For more than 200 years after Johnson wrote those words in 1765 that view of the foundation of Shakespeare's greatness as a writer more or less prevailed. Of course, Shakespearean criticism did not remain static during those centuries. Romantic critics reacted against Johnson, and were reacted against in their turn by the Victorians. The character-based criticism associated with A. C. Bradley was challenged by the rise in the mid-20th century of a criticism that put poetic coherence above psychological realism. But all these successive critical phases had in common the assumption that Shakespeare's plays addressed human questions of perennial importance, and that it was the task of the critic to explain how they did so by revealing what the plays seemed to say about those questions. So when Derek Traversi wrote in the conclusion to his influential An Approach to Shakespeare that "Shakespeare's ‘problem' (if we may use so self-conscious a word) is that of imparting order and poetic significance to the keenly felt but separate elements of human experience", it is easy to see how that formulation reached back to Johnson, by way perhaps of the Arnoldian notion of poetry as a "criticism of life".
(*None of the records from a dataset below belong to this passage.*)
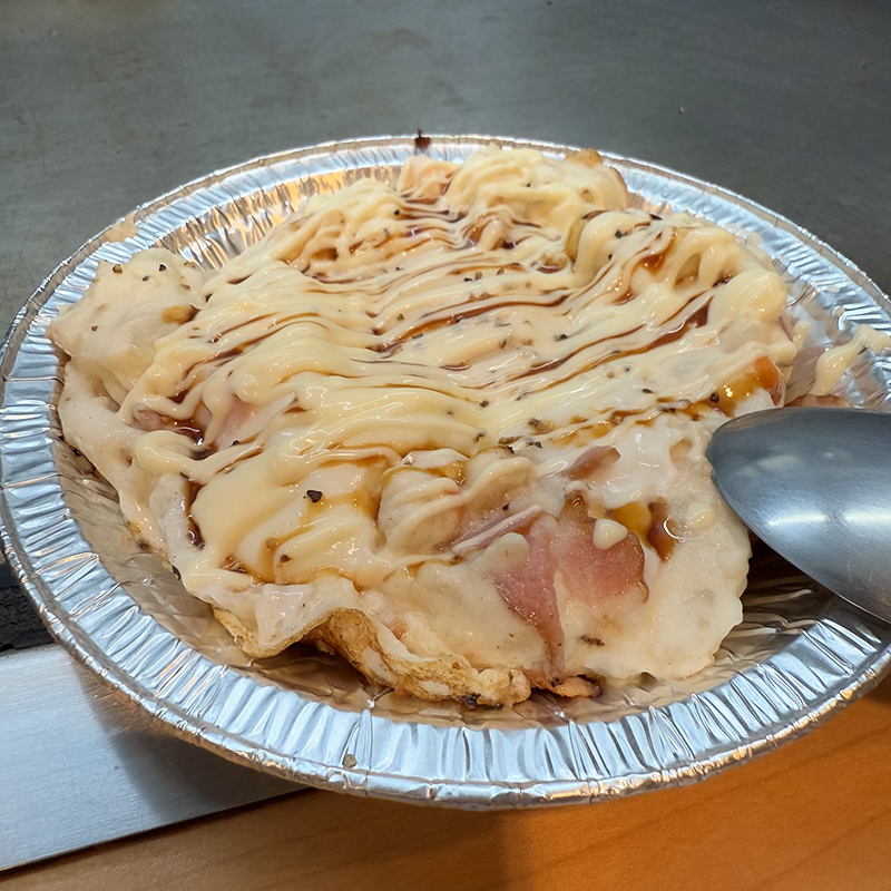続いて、月見ポテトベーコンを初挑戦。メニューには卵、ポテト、ベーコンとそのままの記述。てっきり薄切りのじゃがいもが入るものを想像したのだが、ポテトには何とポテトサラダを使用。源亀らしいジャンキーな美味しさ。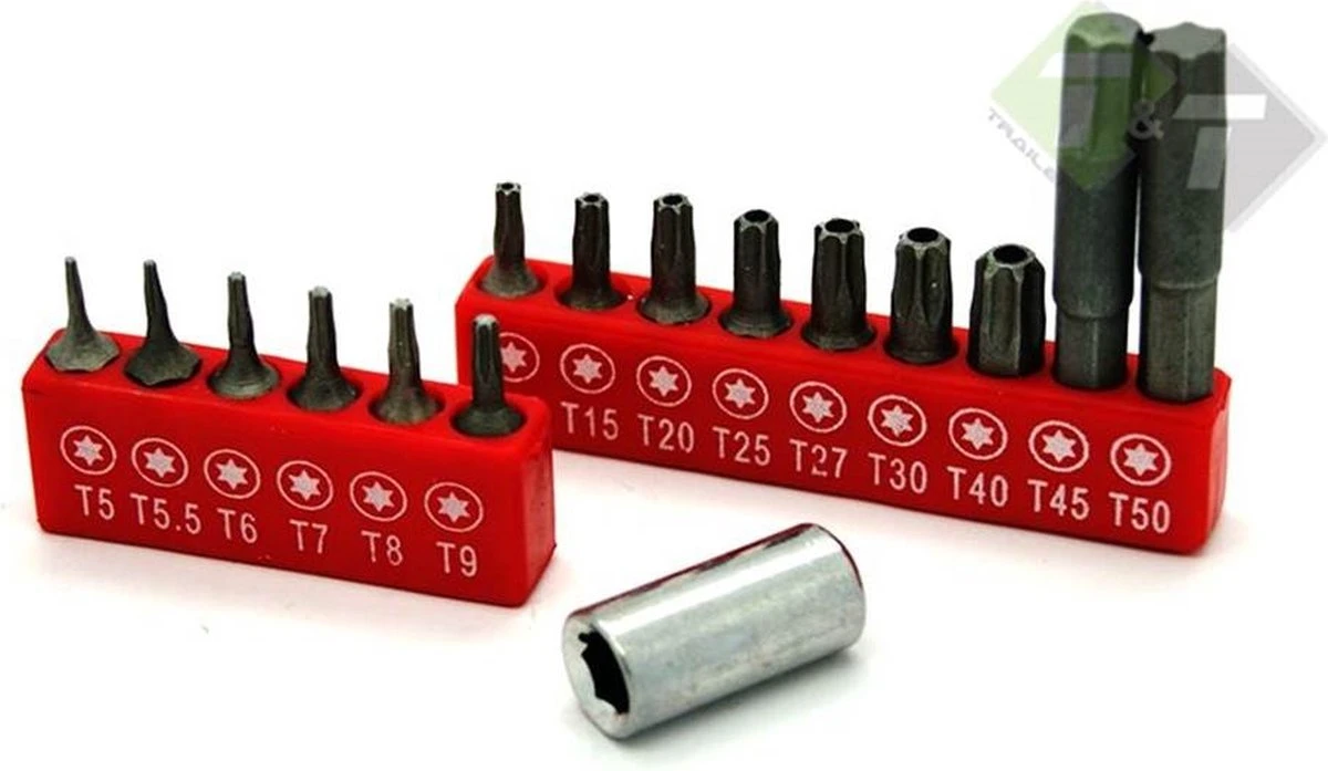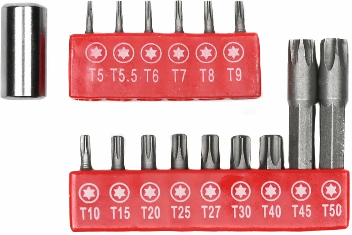 - 14 Torx bitjes (T5, T5.5, T6, T7, T8, T9, T10, T15, T20, T25, T27, T30, T40 en T45) van ongeveer 25 mm lang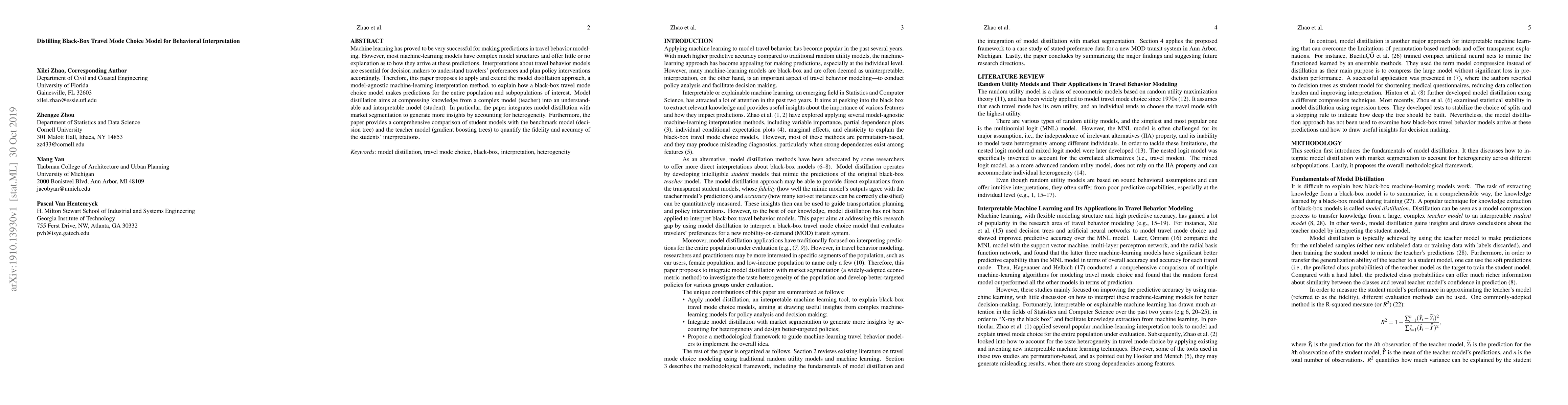 This paper uses a model distillation approach to explain how a black-box travel mode choice model makes predictions, providing insights into travelers' preferences for policy interventions. It compares the fidelity and accuracy of student models with benchmark models.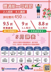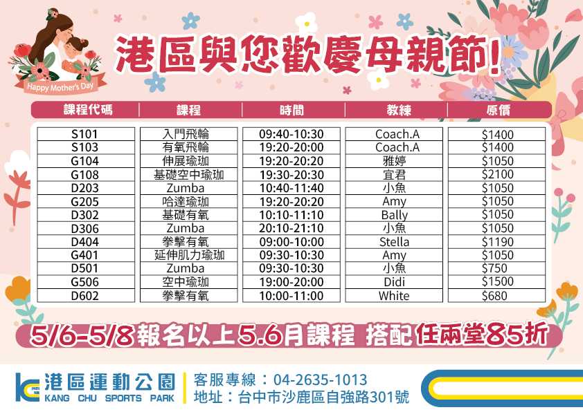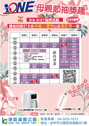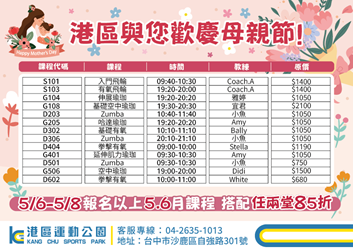港區運動公園:即日起至8日期間報名56月課程者,可享任285折優惠,課程內容包含飛輪有氧、空中瑜珈、哈達瑜珈、Zumba、拳擊有氧等;同時更與iONE體操合作母親節抽獎活動,凡於527日前參加課程者,於課後拍照打卡即贈神秘小禮物及摸彩券1張,將有機會抽中氣炸鍋、吸塵器等好禮。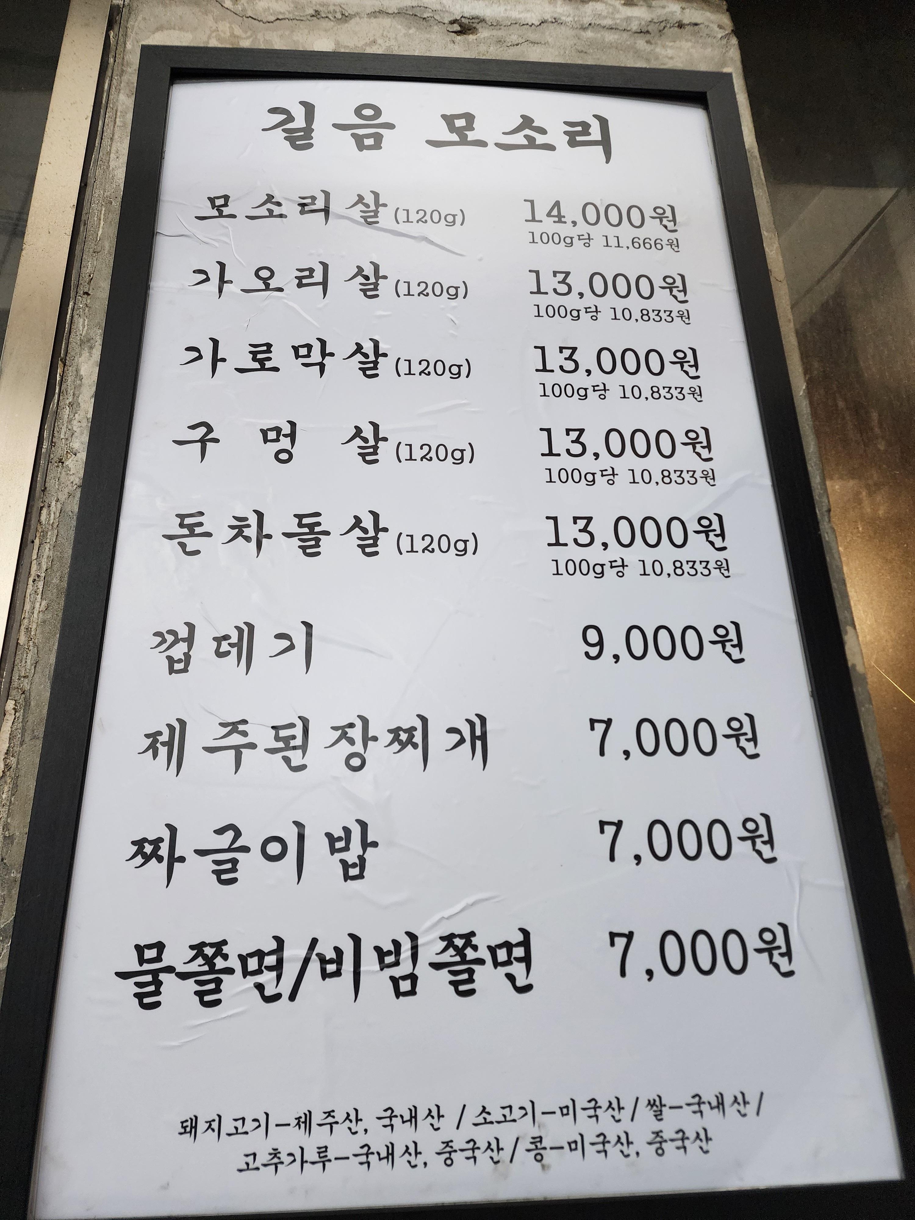 길음역 모소리의 돼지고기는 제주산, 국내산을 사용하고 있어요.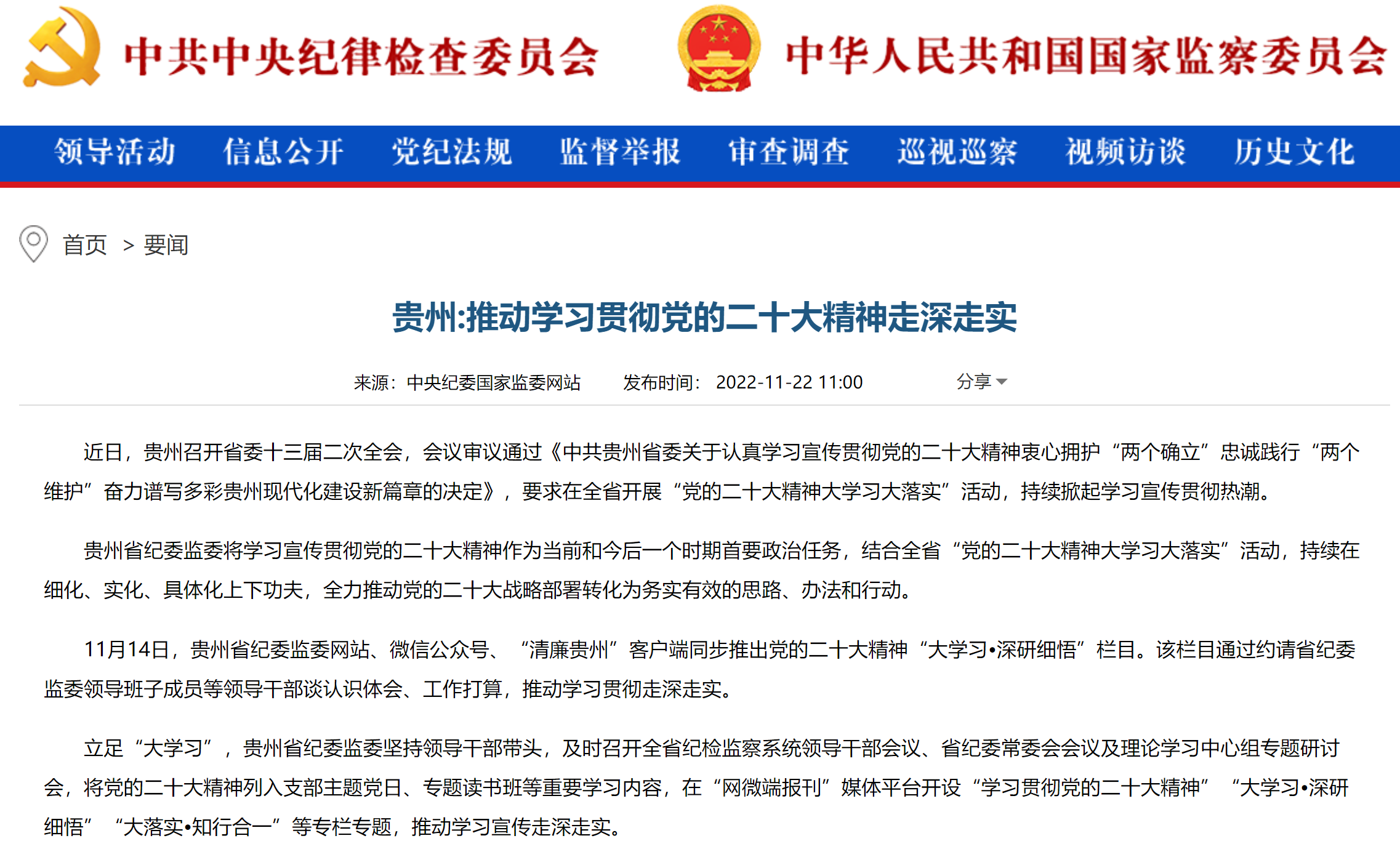 中央纪委国家监委网站丨贵州:推动学习贯彻党的二十大精神走深走实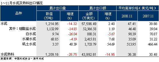金融風(fēng)暴在全球愈演愈烈,世界經(jīng)濟(jì)衰退,出口表現(xiàn)最為明顯。我國水泥出口的主要國家,如美國、俄羅斯等國的經(jīng)濟(jì)均受到巨大動(dòng)蕩,對水泥的出口需求減弱。截止2008年1~11月,水泥、熟料比2007年同期都有所下降,熟料出口大幅下跌,同比減少達(dá)28.75%,水泥出口同比減少14.32%。
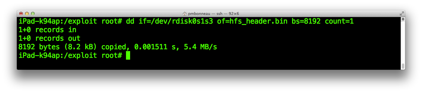 iPad-k94ap#dd if=/dev/rdisk0s1s3 of=hfs_header.bin bs=8192 count=1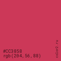 Цвет #CC3858 в цветовой модели RGB обозначается тремя октетами (204, 56, 88) в десятичном формате и #CC3858 в шестнадцатиричном (hex) формате, которые являются интенсивностью красного 204 (hex CC), интенсивность зелёного 56 (hex 38) и интенсивность синего 88 (hex 58).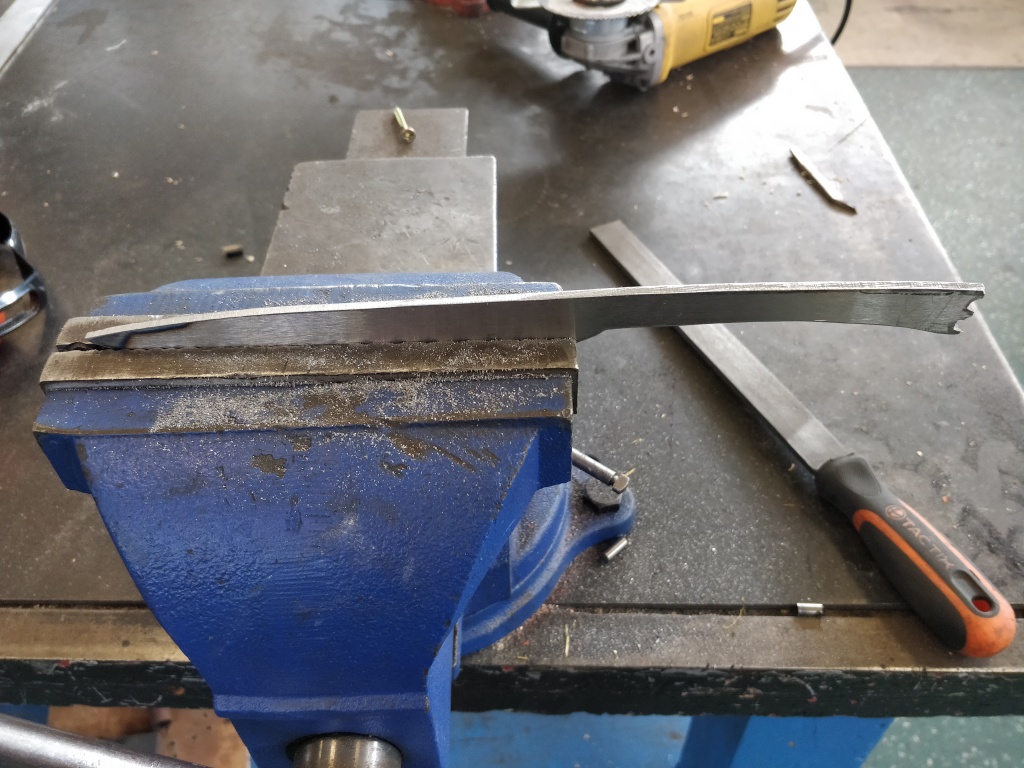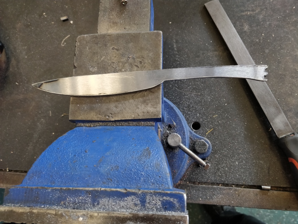 For each knife, I started with some steel bar that I copied the outline of the knife on. I then cut out the blank with an angle grinder.

However, the advent of theory in the last decades of the 20th century drove from the field that way of thinking about how and why great literature holds our attention. Suddenly all the commonsensical ideas about language and literature which had seemed so unproblematic that one could safely treat them as axioms — that works of literature had discoverable (albeit often complex) meanings, that language was a system of signification which referred to things outside itself — were derided as mere prejudices. In fact, both sides of Johnson's memorable phrase — "just representations of general nature" — were put under devastating pressure by theory. These theoretical critiques sought to unmask the idea of a "just representation" as a delusion. According to the theorists, literature (and indeed language) could do nothing more than point mournfully to its own impotence as representation. Delusional, too, was the concept of a "general nature". Politically-minded critics took pleasure in showing how what we had been offered as the "natural' tended to be socially-constructed in deference to dominant, oppressive, usually male and white, social interests. And since those interests were themselves not timeless, no more timeless were the fictions of the natural that they created.